== The problem ==
In the entries below, find the line with "全友家居 真皮沙发 现代简约小户型头层牛皮轻奢直排式沙发客厅102710价格:6284.29元!" and the line with "From 2004 to". Return those two lines and all lines between them, exactly.

== Material shown ==
━━━━━━━━━━━━━━━━

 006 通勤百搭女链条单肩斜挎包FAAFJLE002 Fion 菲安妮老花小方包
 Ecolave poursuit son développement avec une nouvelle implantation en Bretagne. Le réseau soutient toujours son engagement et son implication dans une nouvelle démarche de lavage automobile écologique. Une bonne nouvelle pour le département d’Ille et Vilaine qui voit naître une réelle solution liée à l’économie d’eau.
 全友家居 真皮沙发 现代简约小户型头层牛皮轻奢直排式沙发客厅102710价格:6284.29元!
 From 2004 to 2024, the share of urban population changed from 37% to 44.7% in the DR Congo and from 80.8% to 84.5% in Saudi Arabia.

━━━━━━━━━━━━━━━━

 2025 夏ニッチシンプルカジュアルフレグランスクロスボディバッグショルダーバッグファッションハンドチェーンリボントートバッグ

━━━━━━━━━━━━━━━━

== Result ==
 全友家居 真皮沙发 现代简约小户型头层牛皮轻奢直排式沙发客厅102710价格:6284.29元!
 From 2004 to 2024, the share of urban population changed from 37% to 44.7% in the DR Congo and from 80.8% to 84.5% in Saudi Arabia.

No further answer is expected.